Look through the records below for the line holding "03:58:22Der Weg führt". Write it out exactly, with each following line through the line holding "Επίσημο μνημόσυνο, προς".

GIVEN DATA ->
####################

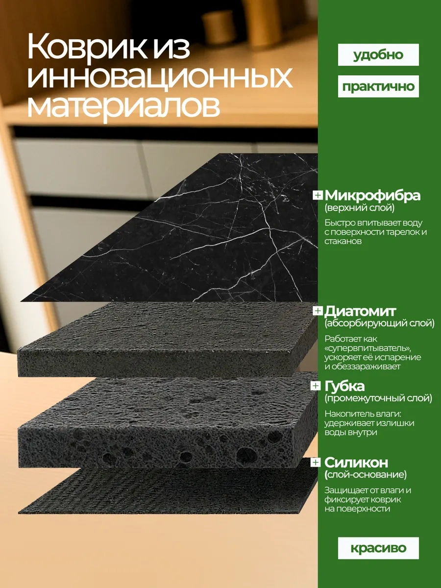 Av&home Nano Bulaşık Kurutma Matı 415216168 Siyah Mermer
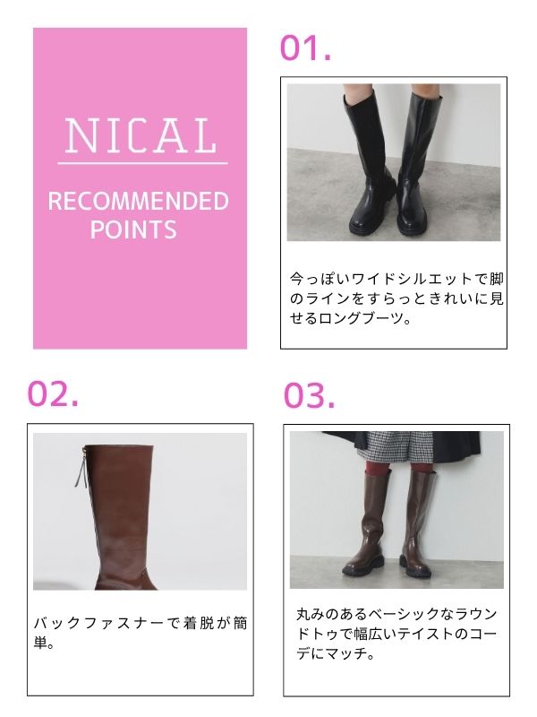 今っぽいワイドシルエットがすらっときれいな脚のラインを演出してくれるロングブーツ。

####################

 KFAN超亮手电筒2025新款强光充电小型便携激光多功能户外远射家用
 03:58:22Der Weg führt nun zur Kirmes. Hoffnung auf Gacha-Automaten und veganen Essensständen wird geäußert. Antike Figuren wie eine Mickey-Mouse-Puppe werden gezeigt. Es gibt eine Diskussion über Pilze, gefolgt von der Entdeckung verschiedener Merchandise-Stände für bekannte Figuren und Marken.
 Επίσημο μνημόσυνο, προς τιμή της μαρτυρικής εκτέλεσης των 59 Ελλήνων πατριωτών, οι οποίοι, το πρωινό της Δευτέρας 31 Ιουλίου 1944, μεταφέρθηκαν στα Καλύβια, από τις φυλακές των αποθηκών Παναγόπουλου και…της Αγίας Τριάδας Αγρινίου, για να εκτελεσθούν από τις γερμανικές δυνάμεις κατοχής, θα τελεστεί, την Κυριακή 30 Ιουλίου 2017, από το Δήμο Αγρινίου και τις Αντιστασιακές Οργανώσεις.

####################

RESPONSE FOR THIS EXERCISE ->
 03:58:22Der Weg führt nun zur Kirmes. Hoffnung auf Gacha-Automaten und veganen Essensständen wird geäußert. Antike Figuren wie eine Mickey-Mouse-Puppe werden gezeigt. Es gibt eine Diskussion über Pilze, gefolgt von der Entdeckung verschiedener Merchandise-Stände für bekannte Figuren und Marken.
 Επίσημο μνημόσυνο, προς τιμή της μαρτυρικής εκτέλεσης των 59 Ελλήνων πατριωτών, οι οποίοι, το πρωινό της Δευτέρας 31 Ιουλίου 1944, μεταφέρθηκαν στα Καλύβια, από τις φυλακές των αποθηκών Παναγόπουλου και…της Αγίας Τριάδας Αγρινίου, για να εκτελεσθούν από τις γερμανικές δυνάμεις κατοχής, θα τελεστεί, την Κυριακή 30 Ιουλίου 2017, από το Δήμο Αγρινίου και τις Αντιστασιακές Οργανώσεις.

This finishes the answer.